Kış koşullarının ağır geçtiği Tunceli‘deki 2 bin rakımlı dağ köylerinde yaşayan besiciler, hayvanlarının gereksinimlerini karşılamak için güçlü mesai yaparken, bu sıralar dünyaya gelen kuzuların da memnunluğunu yaşıyor.
Tarım ve hayvancılığın temel geçim kaynağı olduğu Munzur, Sülbüs, Hel ve Yılan dağları ortasında konseyi Tunceli’de, kar yağışı ve soğuk hava ömrü olumsuz etkiliyor.
Kar kalınlığının yer yer 1 metreyi aştığı Ovacık, Hozat, Pülümür, Nazımiye, Mazgirt, Çemişgezek ve Pertek ilçelerinin yüksek kesitlerinde hayat süren besiciler, çetin kış şartları nedeniyle sıkıntı ve yorucu günler geçiriyor.
Bazen tipinin de tesirli olduğu ilçelerde keçi ve koyun yetiştiriciliği yapan besiciler, vakitlerinin birçoklarında hayvanlarıyla ilgileniyor.
Güneş doğmadan evvel uyanıp meskenlerinin alt kısmındaki ahırlara inen besiciler, yaklaşık 3 kilometre uzakta kurdukları ağıllara ise karlar ortasında güçlü seyahat yaparak ulaşıyor.
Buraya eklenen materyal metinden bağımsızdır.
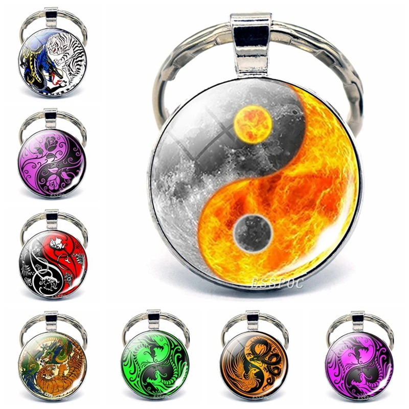Yin Yang Gantungan Kunci Seni Yin Yang Tai Chi Naga, bianhua Gambar Kaca Cabochon Logam Gantungan Kunci Aksesoris Fashion untuk Pria Wanita-in Gantungan kunci from Perhiasan & Aksesoris on AliExpress

Karla kaplı ahırların çatısı ve etrafında biriken karları temizleyen besiciler, yaz aylarında istifledikleri saman, fiğ, yonca ve otları, beyaz örtünün altından çıkarıyor. Meşakkatli çalışmayla çıkarılan yemler, daha sonra eşek, kızak ve el arabası yardımıyla ağıllara taşınarak yemliklerde keçi ve koyunlara veriliyor.
Umutla beklenen oğlak ve kuzular dünyaya gelmeye başladı
Besiciler, umutla bekledikleri oğlak ve kuzuların da şu sıralar dünyaya gelmesiyle memnunluk yaşıyor.
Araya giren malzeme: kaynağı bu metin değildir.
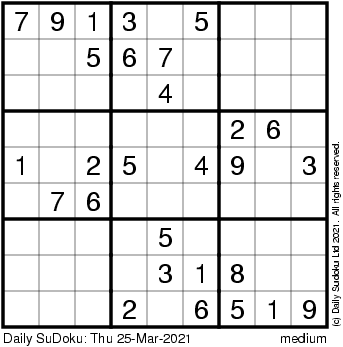 The Daily SuDoku: Thu 25-Mar-2021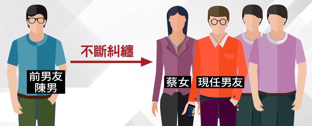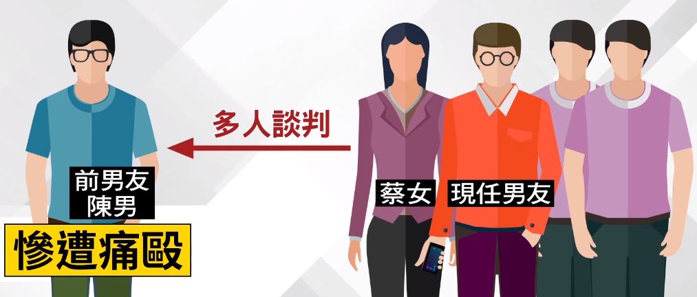 到有什麼深仇大恨,兩名男子對被害人痛下毒手?原來蔡姓女子的前男友,陳姓男子分手後,還不斷糾纏她,女子不堪其擾,告訴現任男友,男友便請2名男子和女子一起去談判,談判破局,陳姓男子慘遭痛毆。

Her yıl ocak sonu ve şubat ile martta yaşanan oğlak ve kuzu doğumları nedeniyle mesaileri artan besiciler, ahırlarda nöbet tutup, doğum sırasında zorlanan keçi ve koyunlara veteriner üzere yardımcı oluyor.
Besiciler, sağlıklı dünyaya gelmesi için efor sarf ettikleri kuzu ve oğlaklara şefkatle yaklaşıp ağız sütü veriyor.
“İşimizi severek yaptığımız için kendimizi memnun hissediyoruz”
Besici Özgür Karataş, AA muhabirine, üniversiteden bir yıl evvel mezun olmasının akabinde köyüne dönüp ailesiyle bu işi yapmaya başladığını söyledi.
Koyunların doğum yapmaya başlamasından ötürü mesaisinin biraz daha arttığını belirten Karataş, “Gece yarılarına kadar uyumadığımız günler oluyor. Hayvanların kuzulamasını bekliyoruz. Bu süreçte doğum yapan koyunlardan yavrusuna sahip çıkmayanlar oluyor ve doğum sırasında güç durumlar yaşanıyor. Ondan ötürü bu durum bizim için sıkıntı olabiliyor.” tabirlerini kullandı.
“Kuzular dünyaya gelmeye başlayınca tüm zorluklar unutuluyor”
Bayan besicilerden Güler Oguz da her gün erken saatlerde uyanarak hayvanlarıyla ilgilenmeye başladığını söyledi.
Hayvancılığın güç taraflarının olduğunu lisana getiren Oguz, şunları kaydetti:
“Koyunların kaldığı ağıla geliriz ve ağıllarımızı süpürürüz. Koyunlarımızı yemleriz. Bu çalışmaları yaptıktan sonra kahvaltı için konuta sarfiyat ve akşam üzeri tekrar ağıla geliriz. Bizler bütün gün hayvanlarla uğraşıyoruz. Çok sıkıntı bir meslek. Bir bayan olarak üstesinden gelmeye çalışıyorum. Lakin kuzular dünyaya gelmeye başlayınca tüm zorluklar unutuluyor. Hayvancılığın en hoş yanı kuzuların dünyaya gelmeye başlamasıdır.”